Records supplied
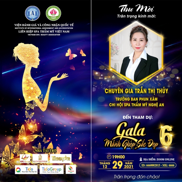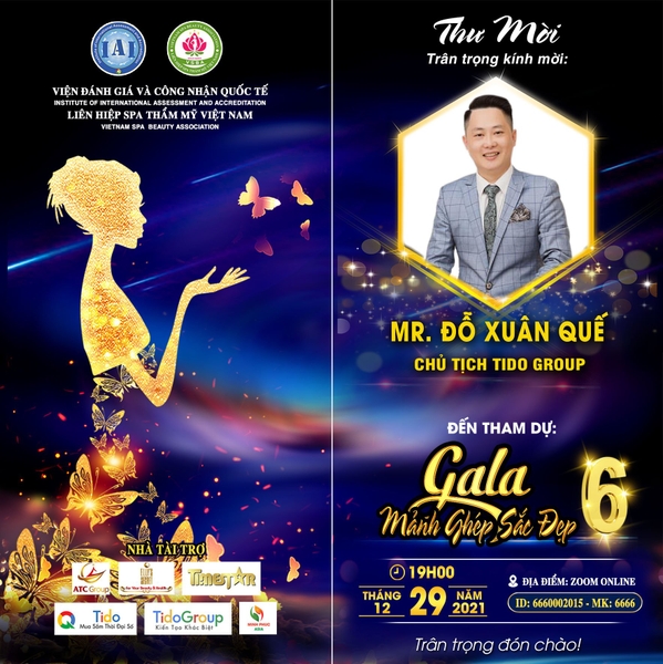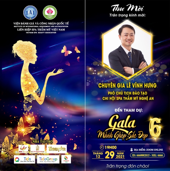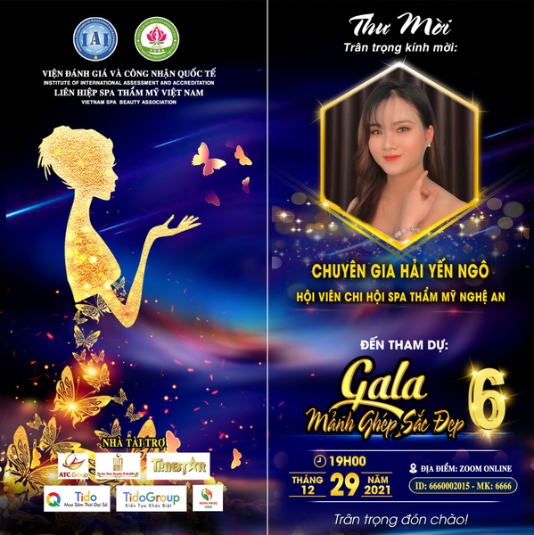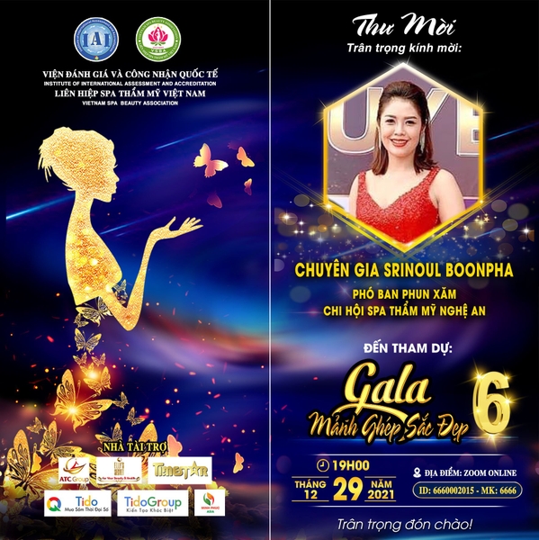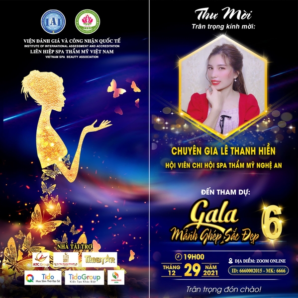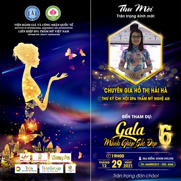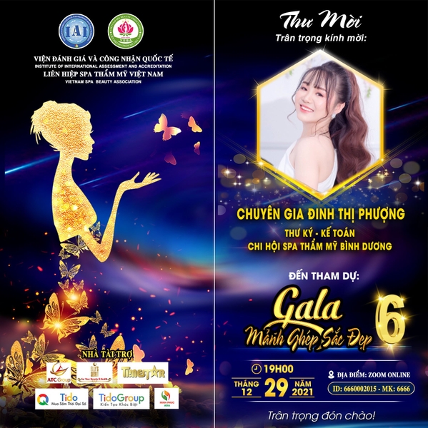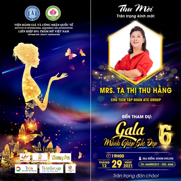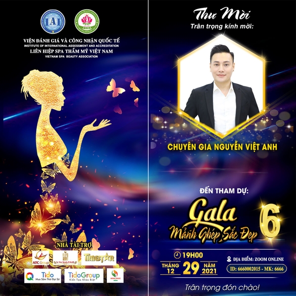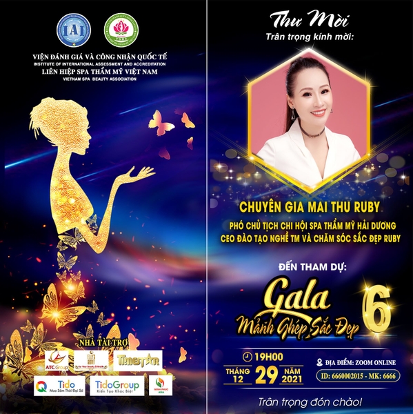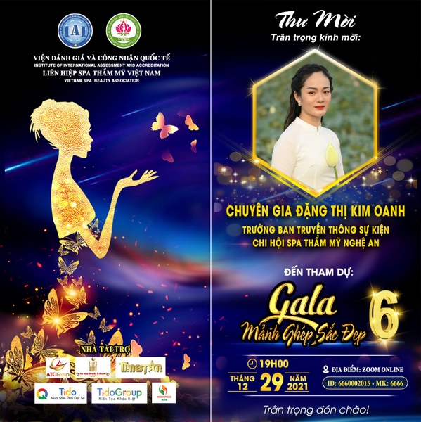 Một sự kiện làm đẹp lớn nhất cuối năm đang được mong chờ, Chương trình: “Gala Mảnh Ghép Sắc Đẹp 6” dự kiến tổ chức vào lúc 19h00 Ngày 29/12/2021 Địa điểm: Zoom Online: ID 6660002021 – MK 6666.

--

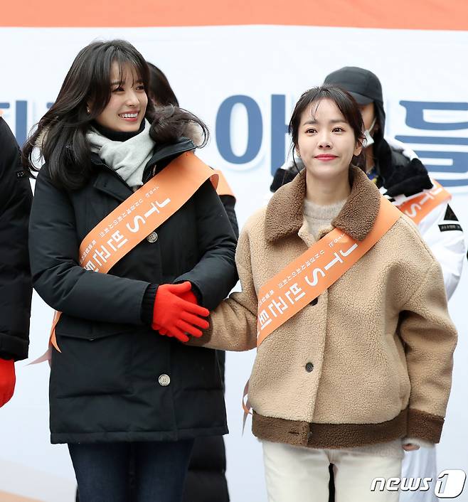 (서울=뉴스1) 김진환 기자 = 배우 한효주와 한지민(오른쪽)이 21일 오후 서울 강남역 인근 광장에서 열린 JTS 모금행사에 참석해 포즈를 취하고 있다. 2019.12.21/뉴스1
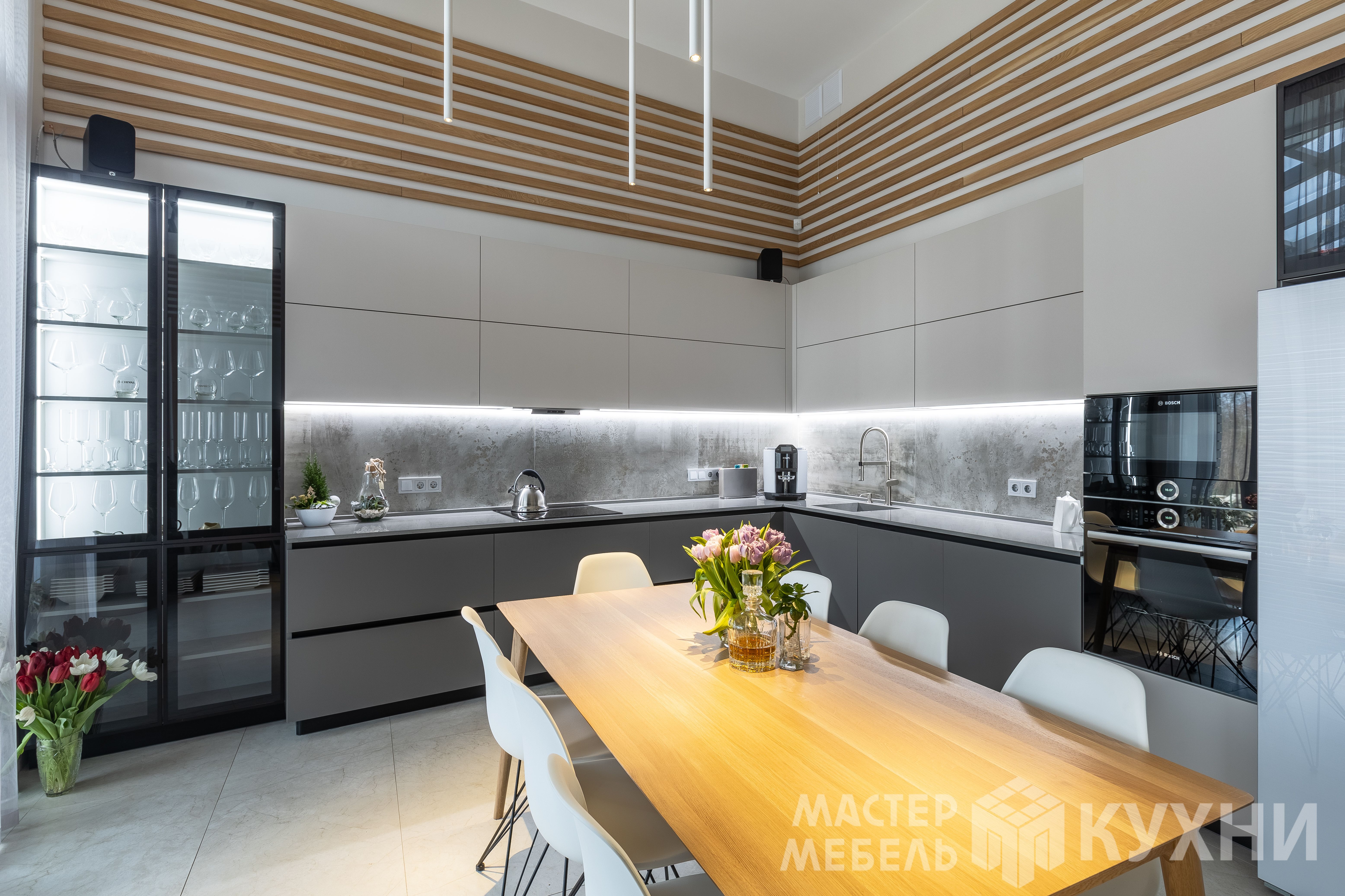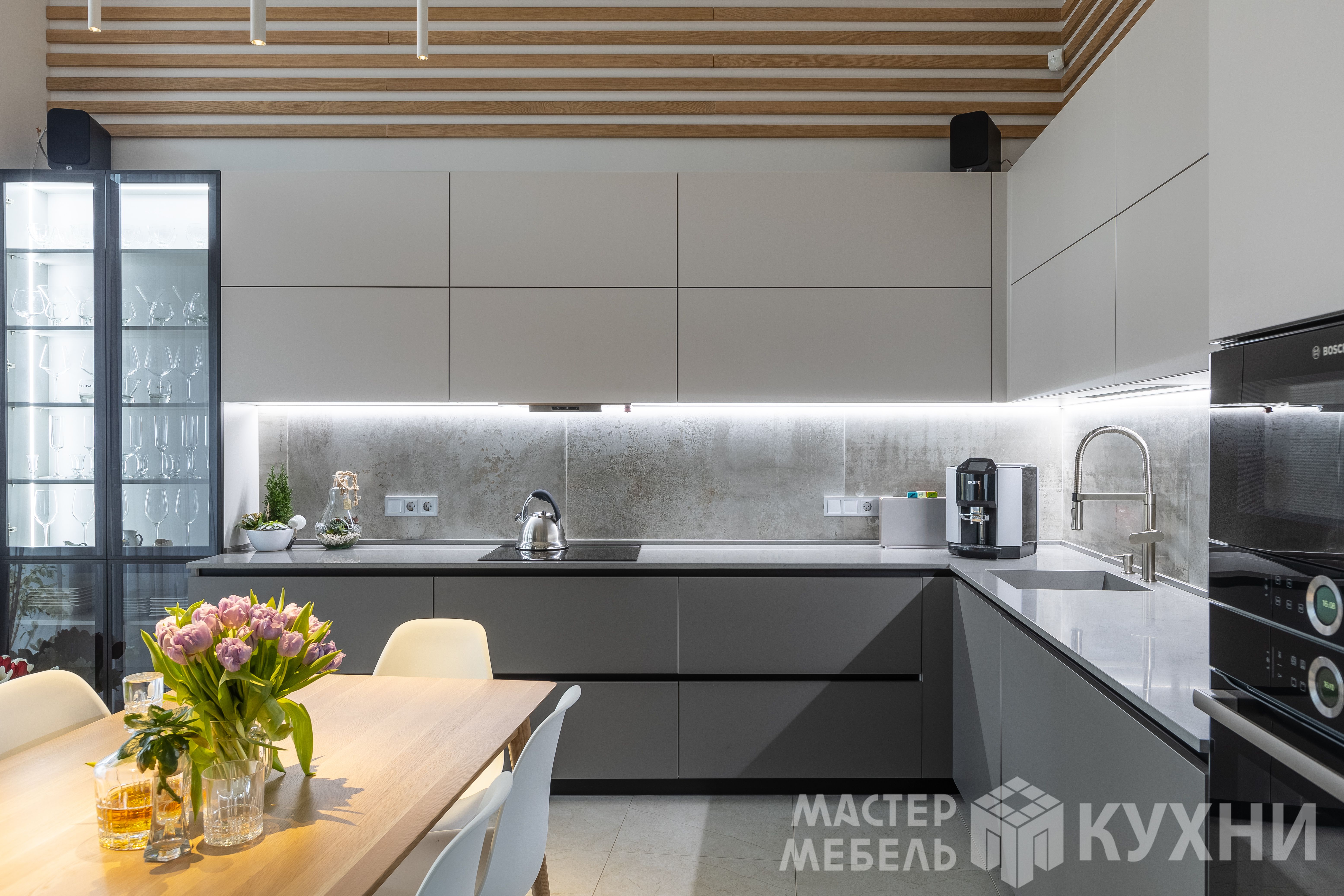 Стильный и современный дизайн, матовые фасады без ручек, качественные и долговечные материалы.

Task objective
Produce an exact reproduction of the listing above, limited to the lines starting at the line with "(서울=뉴스1) 김진환 기자" and ending at the line with "Стильный и современный", both kept, with every picture left out.

Reply to the task
 (서울=뉴스1) 김진환 기자 = 배우 한효주와 한지민(오른쪽)이 21일 오후 서울 강남역 인근 광장에서 열린 JTS 모금행사에 참석해 포즈를 취하고 있다. 2019.12.21/뉴스1
 Стильный и современный дизайн, матовые фасады без ручек, качественные и долговечные материалы.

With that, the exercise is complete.